Abstract:
A general method for the optimal design of large laminated
composite structures, that allows full design variable (ply
thickness and orientation) freedom, has been developed .. The
number of variables and constraints, and hence the problem
size, being dealt with at any given moment in the
optimization process is kept within reasonable bounds by
using a multilevel optimization scheme.
The optimization process is split into a system level and an
element level. At the system level the entire structure is
considered and the individual laminae thicknesses (not ply
angles) are sized so as to minimize the total structural
weight within the constraints placed on the system. These
constraints can include strain, displacement, buckling and
gauge limits. Once the design has converged at this level
the optimization process then switches to the element level.

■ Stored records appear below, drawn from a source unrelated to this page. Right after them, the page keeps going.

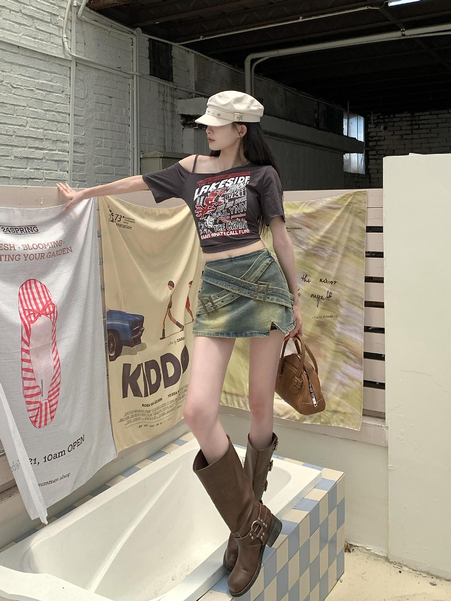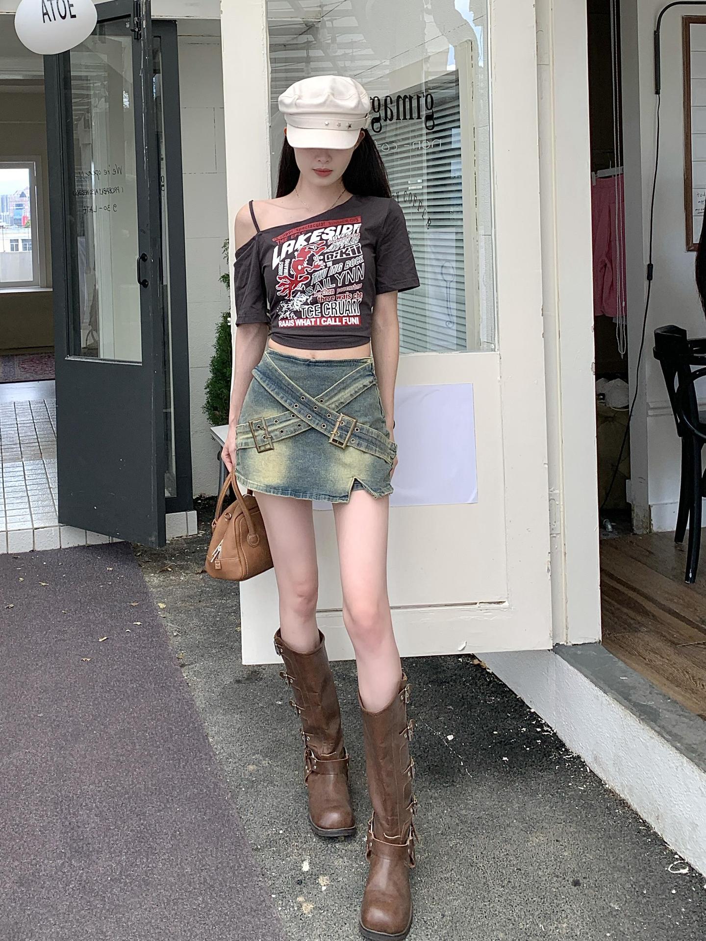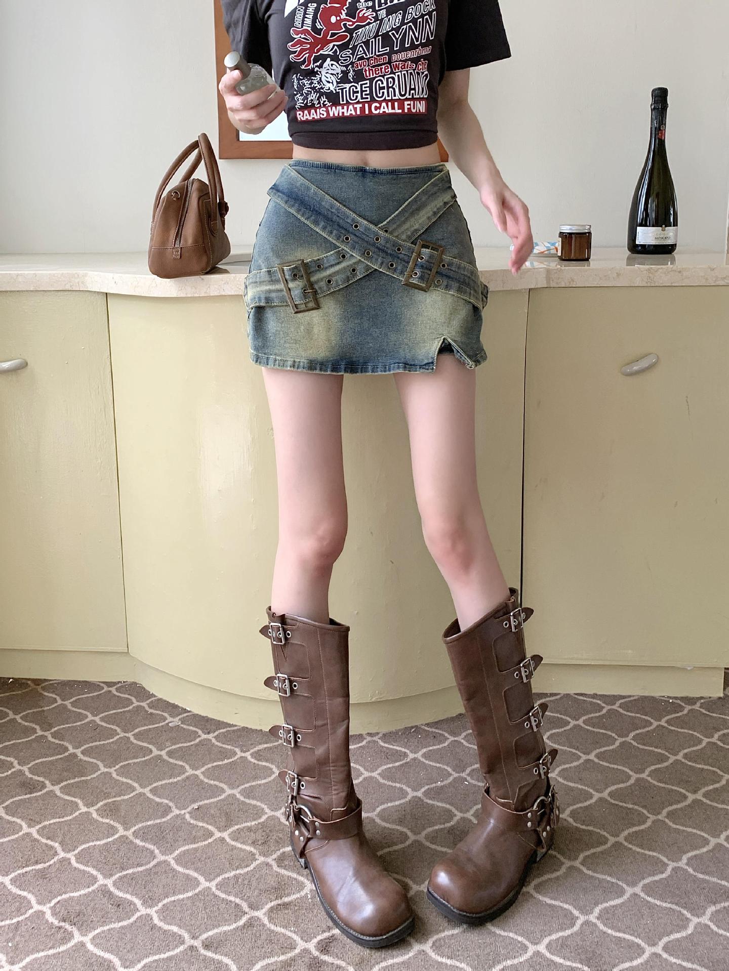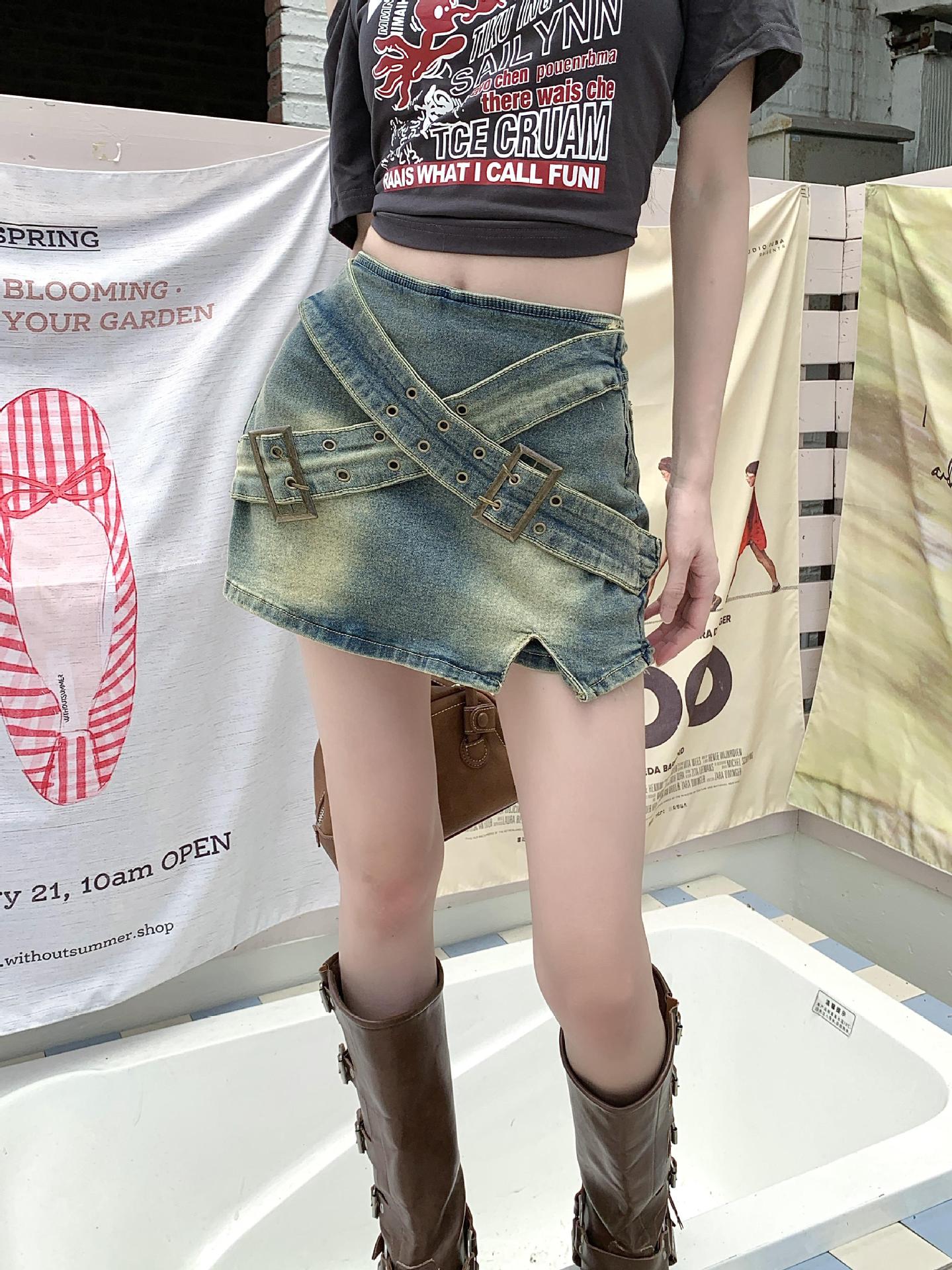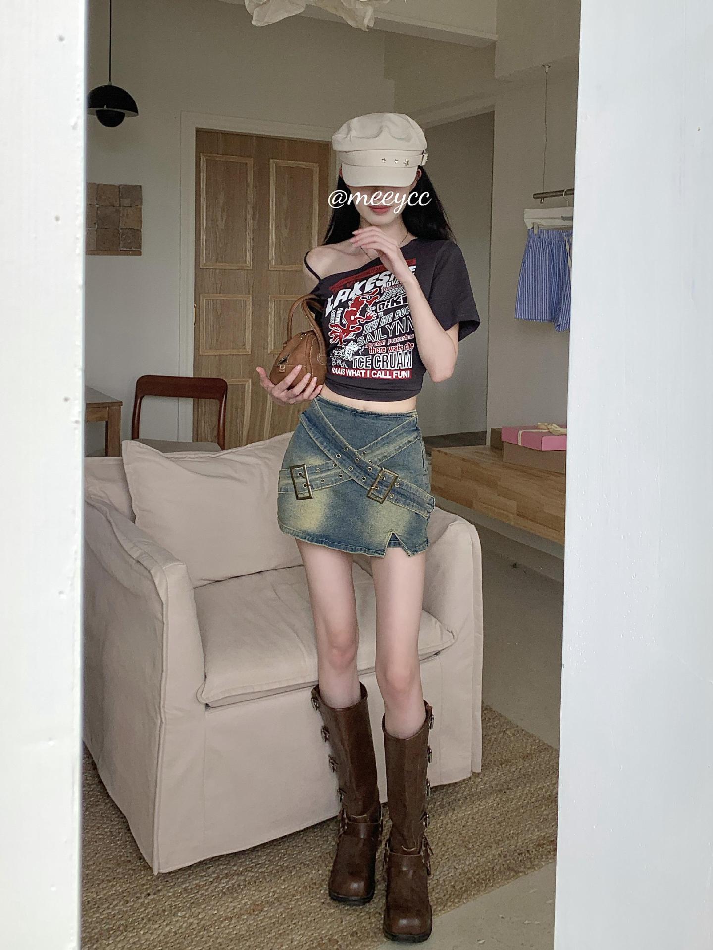 Falda de Mezclilla para Chica Sexy Mujer 2025 Verano Nuevo Estilo Línea A Cintura Alta Corta Falda Corta Ajustada a la Cadera
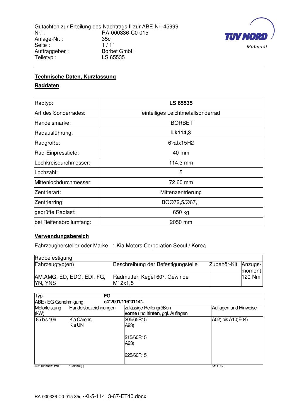 • Stimmt die KBA-Nummer auf der Felge mit diesem Dokument überein?
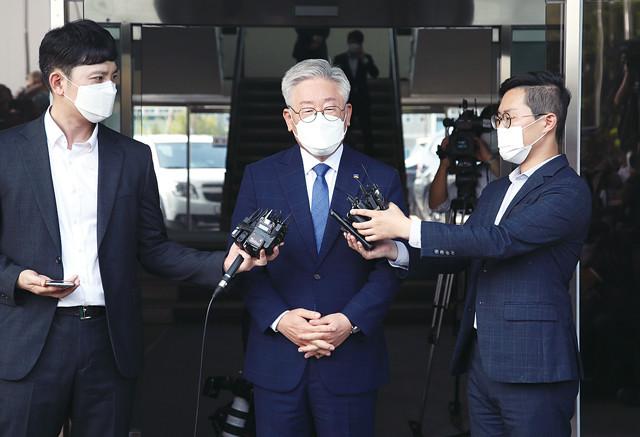 '친형 강제입원'과 관련한 허위사실 공표 혐의에 대해 2심에서 당선무효형을 선고받았다가 대법원의 원심 파기환송으로 지사직을 유지하게 된 이재명 경기도지사가 16일 오후 경기 수원시 경기도청에서 입장을 밝히고 있다. 대법원 전원합의체는 직권남용 권리행사 방해, 공직선거법 위반 등 혐의로 기소된 이 지사의 상고심에서 일부 유죄로 판결한 원심을 깨고 무죄 취지로 사건을 수원고법으로 돌려보냈다고 16일 밝혔다.

The objective function at the element level combines a
weight function and a strain energy change function into a
utility function which is minimized and in which the
relative importance of each part is reflected by weighting
coefficients. Minimizing the change in strain energy
ensures load path continuity when switching between the two
levels of optimization, and so decouples the problems at the
two levels. Continuous lamina thickness and ply-angle
variation is used to minimize the element level objective
function while satisfying strain, buckling and gauge constraints. In this way optimum use is made of the
material in each element, without changing the the load
paths in the overall structure and thereby ensuring that the
constraints at the system level are still satisfied. The
procedure switches between the two levels until overall
convergence has been achieved.
Structures representative of straight, forward swept and
delta wings are used to illustrate the effectiveness of the
system and to show that the optimal designs produced are
feasible and realistic, and compare favourably with designs
obtained by more conventional and intuitive methods.